Aim of the exercise —
From the first line of the listing below through the line with "Los fabricantes han", transcribe exactly and skip the pictures.

Stored data —
★ ★ ★ ★

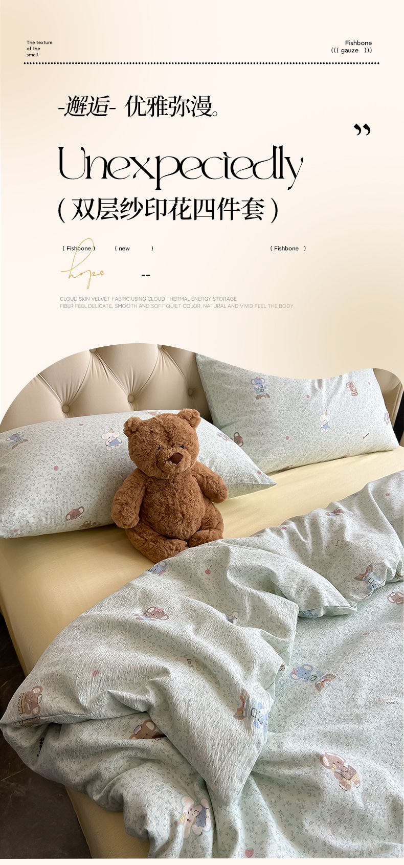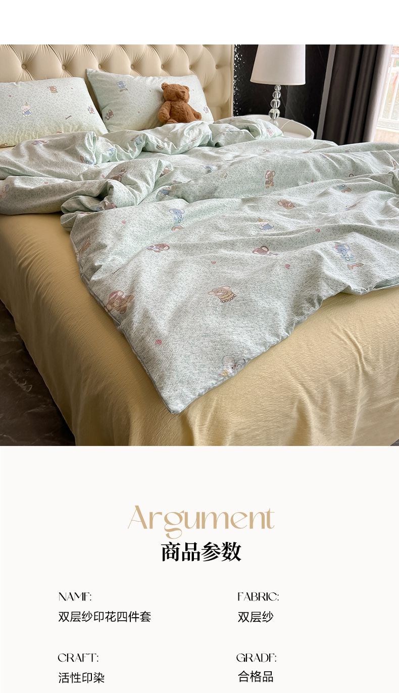 当前位置: 91家纺网 > 商品网购 > 床品套件 > 四件套 > 双层纱四件套 > 韩巢家纺 2025新款双层纱床上用品四件套热销款超柔学生宿舍床单被套三件套 少女象
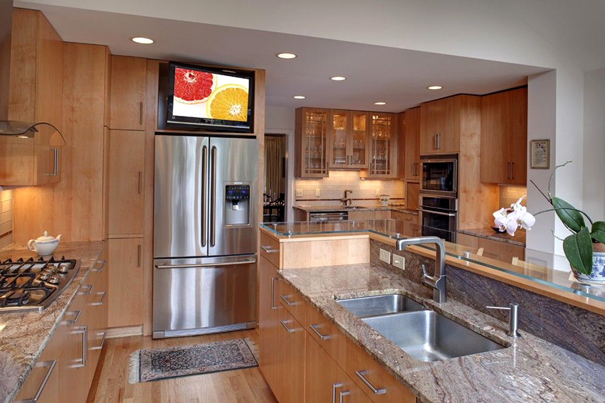 Los fabricantes han desarrollado tipos de equipos de alta tecnología con una pantalla incorporada para un diseño interior ultramoderno. Esto incluye, por ejemplo, una campana extractora con un televisor, que, además de la función principal de purificación del aire, se distingue por la presencia de una pantalla incorporada. Sin embargo, en este caso, debe estar preparado para un gasto significativo. Este grupo también incluye refrigeradores modernos con monitores LCD integrados. Por lo general, estos son modelos grandes de Side-by-Side con un televisor integrado de 8 o 10 pulgadas, que es suficiente para uso en segundo plano.
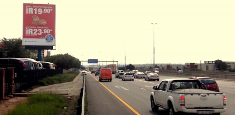 DESCRIPTION : N1 Ben Schoeman Highway facing traffic travelling from Sandton, Four ways , Waterfall and Midrand towards the N14 interchange , Pretoria East , Pretoria West , Menlyn and Pietersburg. This billboard is in a unique position. It is the last billboards before the interchange and catches all traffic travelling to Pretoria.
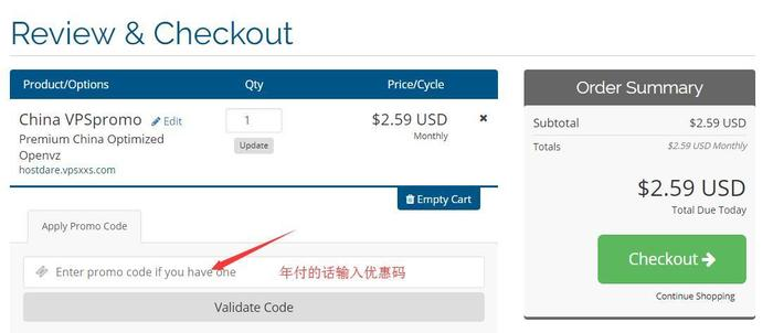 接下来输入hostdare优惠码U58TF02MIG,然后点击Validate Code就会显示优惠后的价格,然后点击Checkout进入下一步

★ ★ ★ ★

Exercise solution —
 当前位置: 91家纺网 > 商品网购 > 床品套件 > 四件套 > 双层纱四件套 > 韩巢家纺 2025新款双层纱床上用品四件套热销款超柔学生宿舍床单被套三件套 少女象
 Los fabricantes han desarrollado tipos de equipos de alta tecnología con una pantalla incorporada para un diseño interior ultramoderno. Esto incluye, por ejemplo, una campana extractora con un televisor, que, además de la función principal de purificación del aire, se distingue por la presencia de una pantalla incorporada. Sin embargo, en este caso, debe estar preparado para un gasto significativo. Este grupo también incluye refrigeradores modernos con monitores LCD integrados. Por lo general, estos son modelos grandes de Side-by-Side con un televisor integrado de 8 o 10 pulgadas, que es suficiente para uso en segundo plano.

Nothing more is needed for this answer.